Paula Doepfner (born in Berlin - July 1980) is a contemporary artist. Her work includes text-based drawings, performances, and objects made of ice, organic matter, and damaged armored glass. She lives and works in Berlin.

==Life==

Paula Doepfner studied fine arts from 2002 to 2008, at the Universität der Künste Berlin and at the Chelsea College of Arts, University of the Arts London. She studied under Roger Ackling in London and graduated from the masterclass Rebecca Horn in Berlin. She has received numerous prizes and stipends, among others the Hans Platschek prize (2024), the Krull foundation work stipend (2023), the Konrad Adenauer Foundation EHF stipend (2021/22), the work stipend of the Albert Koechlin foundation, Lucerne (2010), and the Else Neumann stipend from the City of Berlin (2008).

Doepfner's work has been exhibited nationally and internationally, with institutional solo exhibitions at the Kupferstich-Kabinett Dresden (2023), the Akademie der Konrad-Adenauer-Stiftung (2022), and the Goethe-Institut, Washington, D.C. (2015). She has participated in group exhibitions at institutions including the Museum of Fine Arts Budapest (2025), Museum Würth 2 (2025), and the Berliner Medizinhistorisches Museum at the Charité (2023). Her works are held in public and private collections such as the Kupferstichkabinett Berlin, the Museum of Fine Arts Budapest, the Deutsche Nationalbibliothek Leipzig, and the Staatliche Kunstsammlungen Dresden.

==Work==

Paula Doepfner's artistic practice comprises drawings, performances, and objects made of ice, glass, and organic matter. The content of her work is drawn from literary texts and documents relating to human rights abuses and the Holocaust. Her drawings consist of minute script on transparent paper; she writes lines of text in tiny letters (ø = 1 mm) to form textual images. The drawings are based on sketches she makes while observing autopsies and brain surgery at the Charité University Hospital Berlin. The strings of text in her drawings are taken from the Istanbul Protocol, a UN handbook on the investigation and documentation of torture and other cruel, inhumane, or degrading treatment, and from documentary material on the children of Auschwitz. Paula Doepfner combines these documentary texts with literary works by the likes of Anne Carson, Paul Celan, Joyce Mansour and Robert Musil.

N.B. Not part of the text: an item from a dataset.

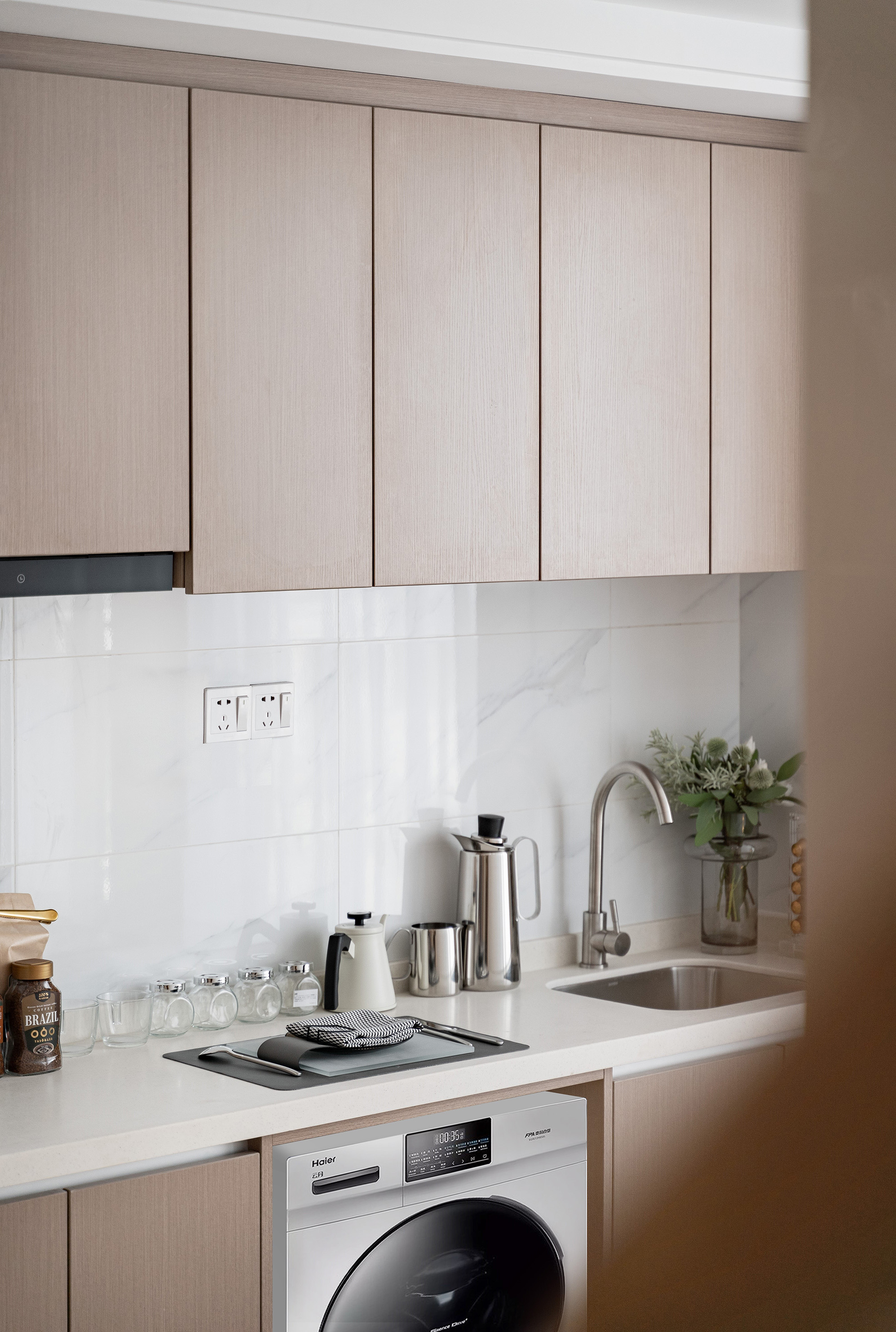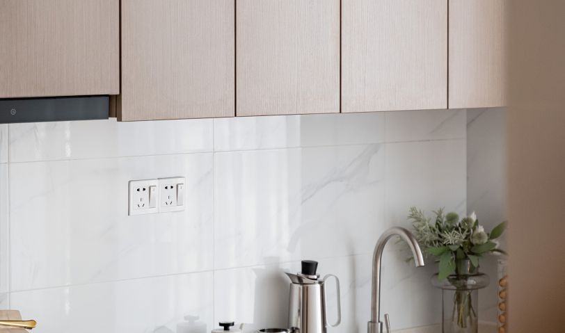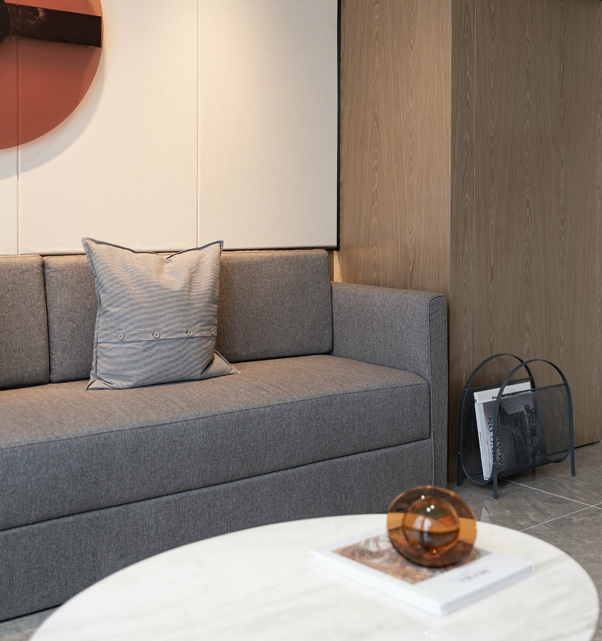 客廳沒(méi)有繁雜的裝飾,使用純白色的背景墻,木皮的溫潤(rùn)與空間互相呼應(yīng),通過(guò)平面整潔的方式與整體木搭配,令空間層次清晰,并使視覺(jué)感受更加寬敞。

For her glass works Paula Doepfner makes color sketches of regions of the brain, transferring them onto the glass, usually large pieces of glass, with pigment and varnish. She uses armored glass from commercial units and luxury buildings that have been damaged during demonstrations. Some of the glass works hang on the wall, others stand in space.

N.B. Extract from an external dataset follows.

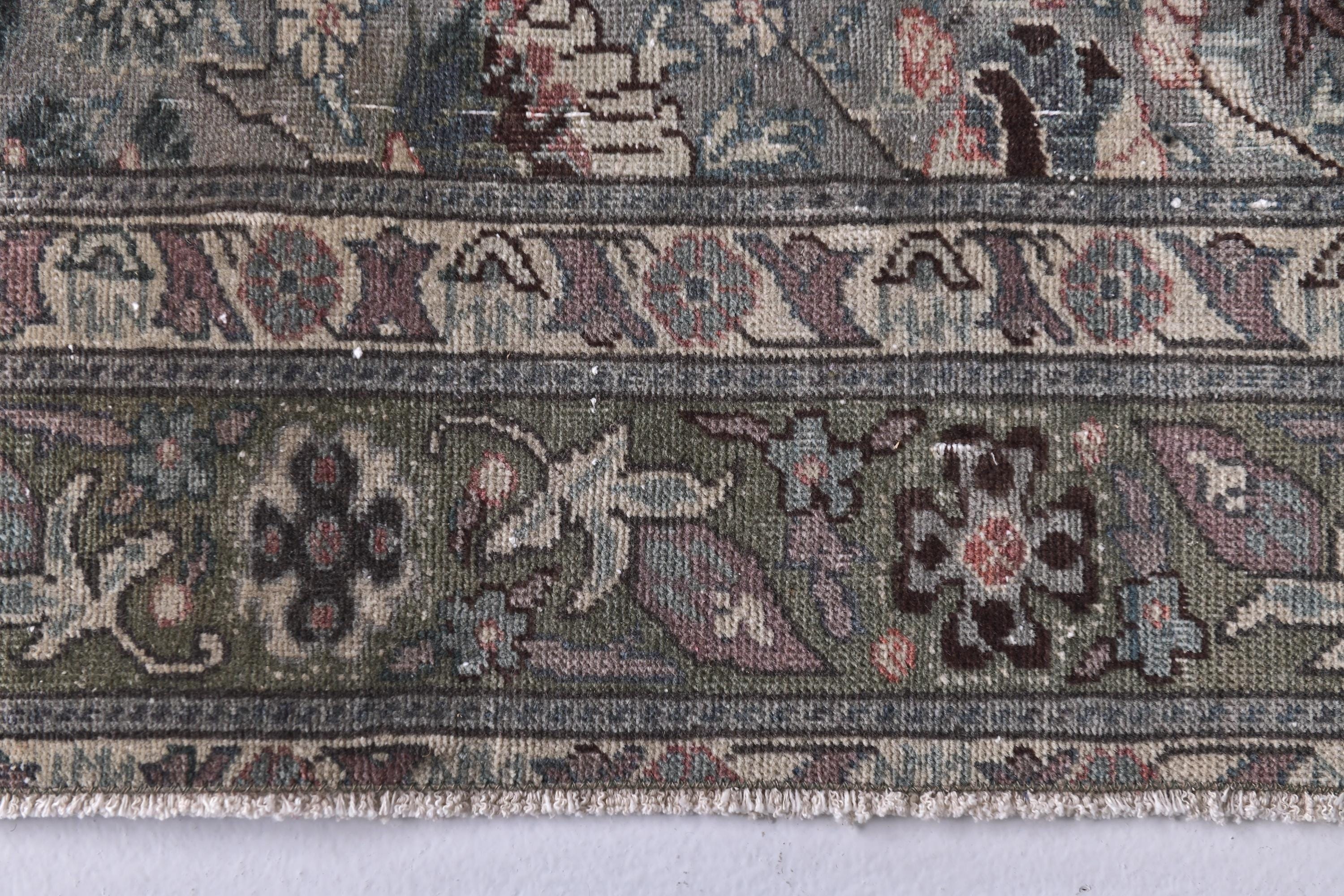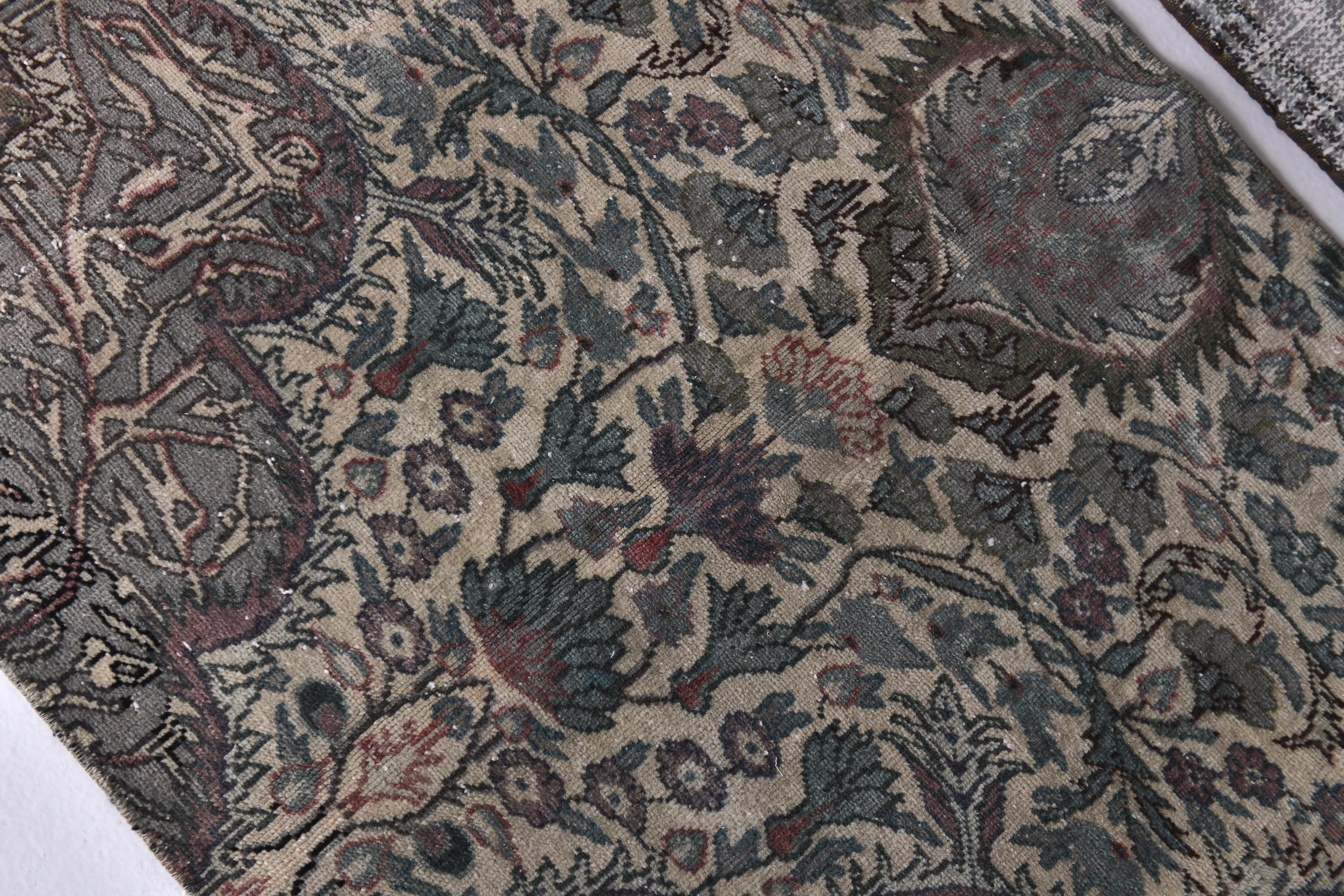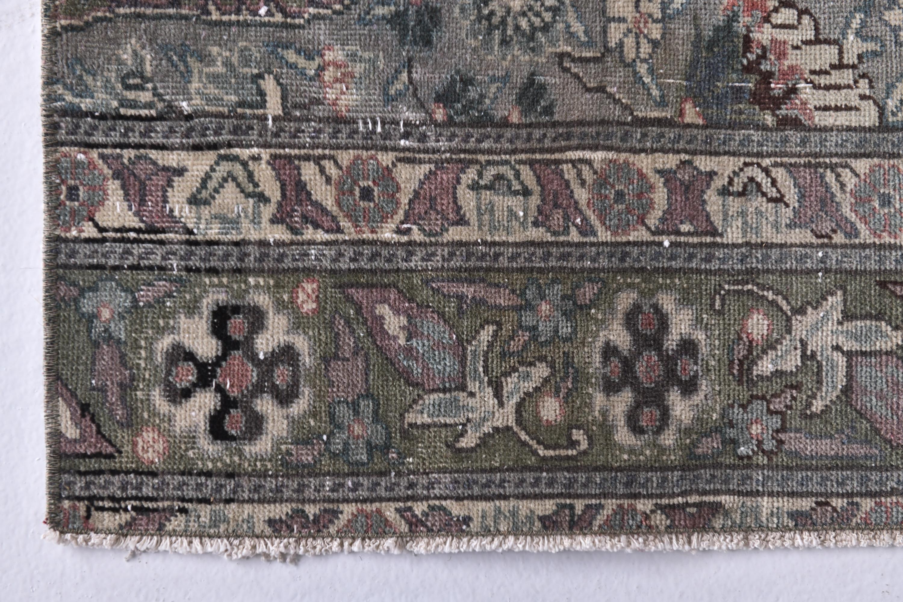 📜📌 Close-up detail of an antique-style Persian style rug showing complex paisley patterns and floral medallions. The carpet features a rich color palette of olive green, cream, rust, and dark accents with fine knotting and traditional Middle Eastern craftsmanship.

Paula Doepfner's ice blocks, which weigh up to 500 kg, either melt into metal trays in the gallery space before evaporating, or run off into the ground when exhibited in public space. Inside the blocks Doepfner freezes paper inscribed with texts. The inscribed pieces of paper are frozen into the center of the transparent ice blocks.

For her sound performances Doepfner works together with a musician, usually a double-bass player. The double-bass player plays just one note in microtonal intervals while Doepfner makes sounds with foliage and dried shrubbery.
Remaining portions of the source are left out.